Your objective. Repeat the span of the entries below that starts at the line with "11月14日,国家二级保护野生动物藏原羚在甘肃省阿克塞县阿勒腾乡哈尔腾草原活动觅食。新华社记者 郎兵兵 摄" and ends at the line with "Нами была изготовлена", nothing more. Skip the pictures.

Stored data.
---------------

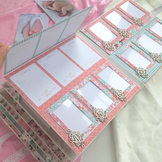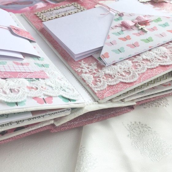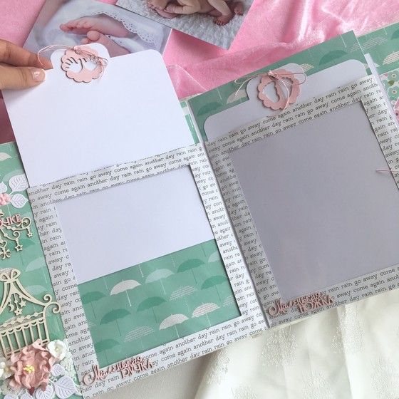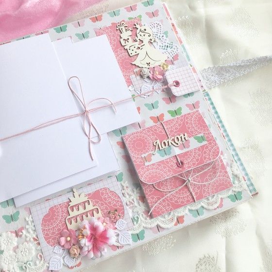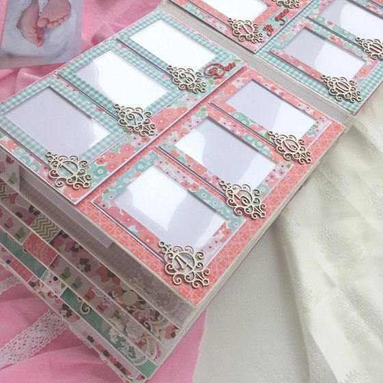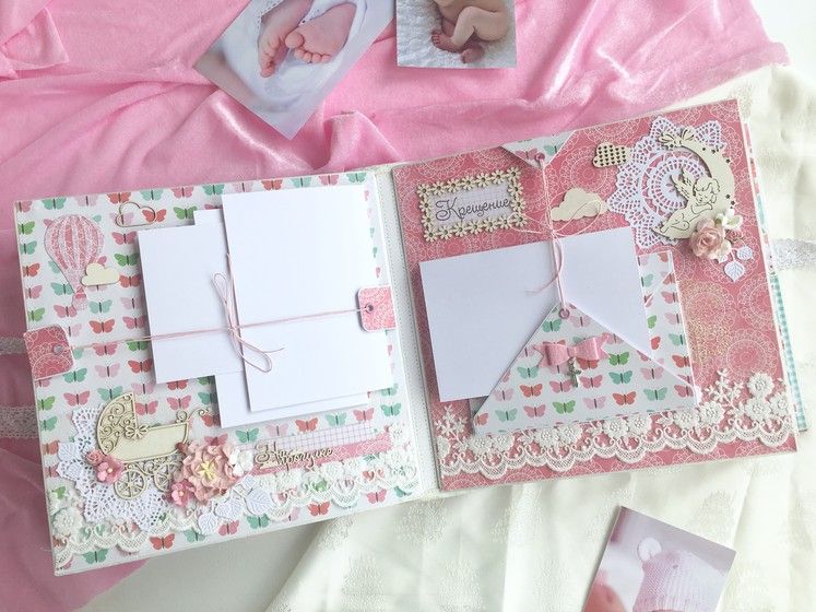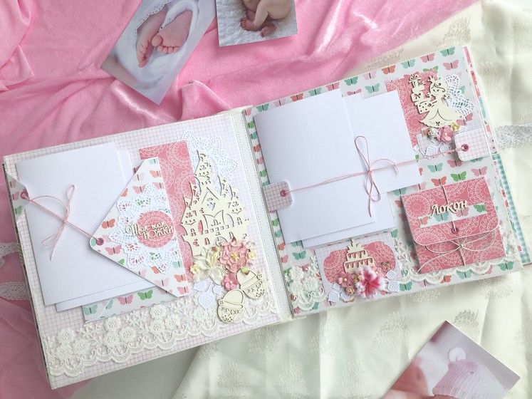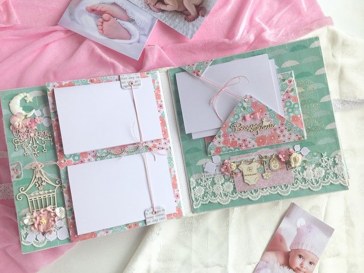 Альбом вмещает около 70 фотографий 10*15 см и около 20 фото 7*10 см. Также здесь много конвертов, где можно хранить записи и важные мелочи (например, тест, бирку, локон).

---------------

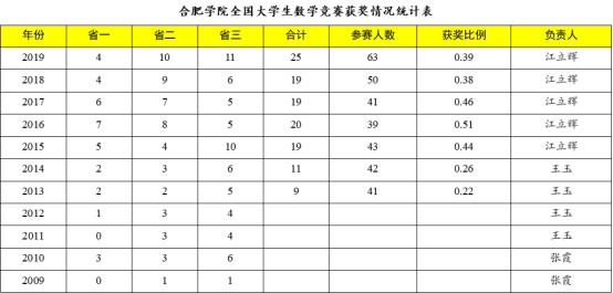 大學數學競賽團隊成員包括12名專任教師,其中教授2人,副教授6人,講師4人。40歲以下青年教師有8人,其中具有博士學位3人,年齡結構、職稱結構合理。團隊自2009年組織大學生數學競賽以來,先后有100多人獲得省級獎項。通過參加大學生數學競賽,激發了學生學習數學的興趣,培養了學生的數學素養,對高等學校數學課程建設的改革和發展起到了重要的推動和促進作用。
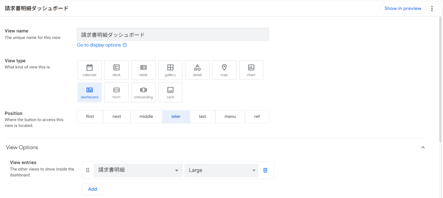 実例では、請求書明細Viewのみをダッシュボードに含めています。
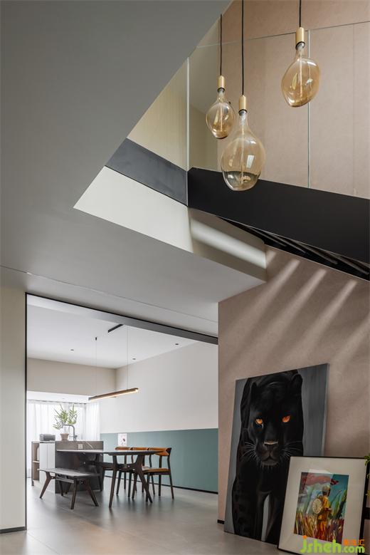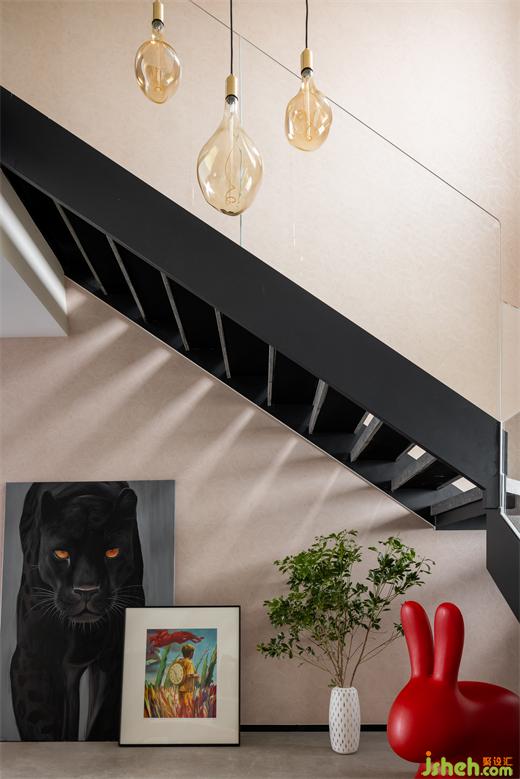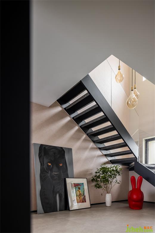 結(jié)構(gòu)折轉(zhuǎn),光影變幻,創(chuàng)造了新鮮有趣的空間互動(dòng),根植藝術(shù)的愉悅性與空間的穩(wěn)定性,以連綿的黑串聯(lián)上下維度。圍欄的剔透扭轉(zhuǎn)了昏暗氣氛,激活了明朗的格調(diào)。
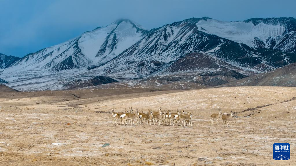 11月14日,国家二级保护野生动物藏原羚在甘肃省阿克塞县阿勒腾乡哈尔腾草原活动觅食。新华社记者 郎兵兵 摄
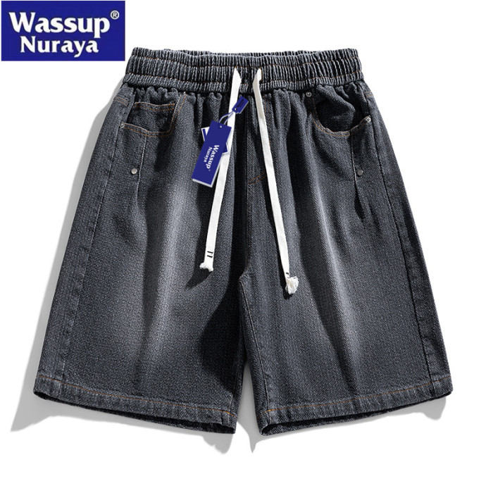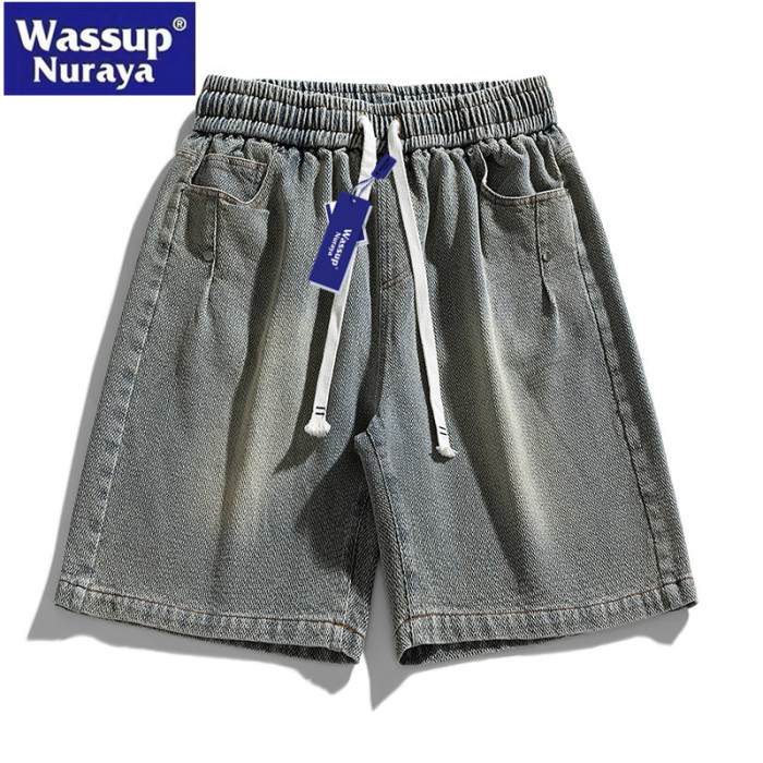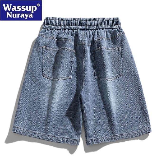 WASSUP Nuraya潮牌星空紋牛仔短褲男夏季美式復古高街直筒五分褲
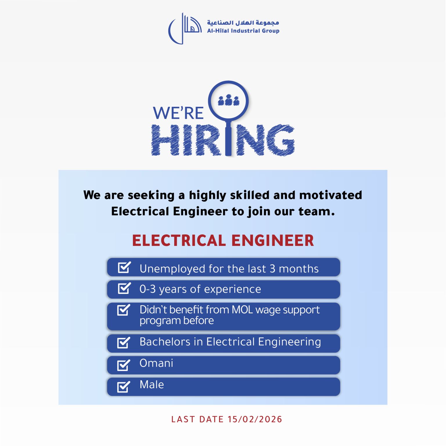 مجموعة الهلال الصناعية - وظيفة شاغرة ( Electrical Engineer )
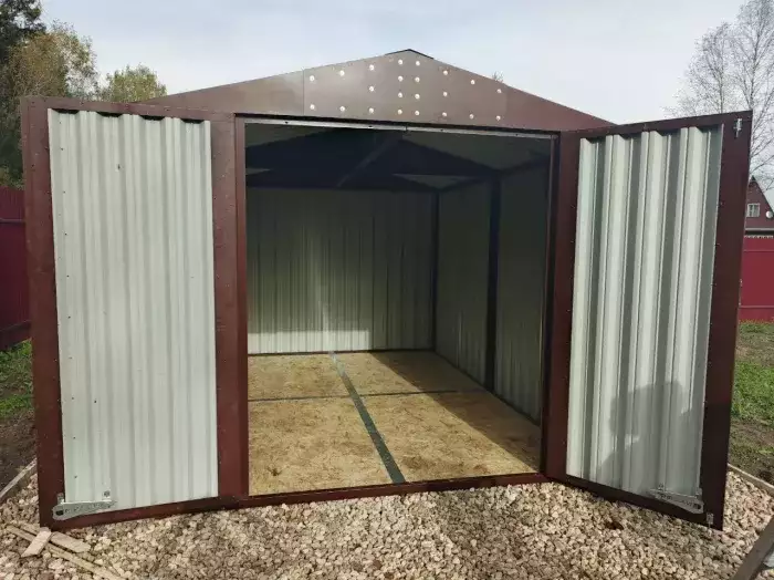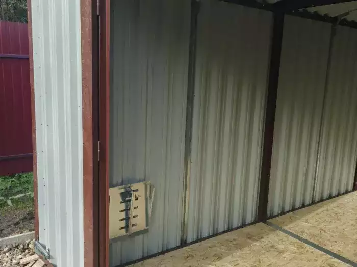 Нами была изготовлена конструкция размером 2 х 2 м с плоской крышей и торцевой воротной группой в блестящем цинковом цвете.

---------------

Answer section.
 11月14日,国家二级保护野生动物藏原羚在甘肃省阿克塞县阿勒腾乡哈尔腾草原活动觅食。新华社记者 郎兵兵 摄
 WASSUP Nuraya潮牌星空紋牛仔短褲男夏季美式復古高街直筒五分褲
 مجموعة الهلال الصناعية - وظيفة شاغرة ( Electrical Engineer )
 Нами была изготовлена конструкция размером 2 х 2 м с плоской крышей и торцевой воротной группой в блестящем цинковом цвете.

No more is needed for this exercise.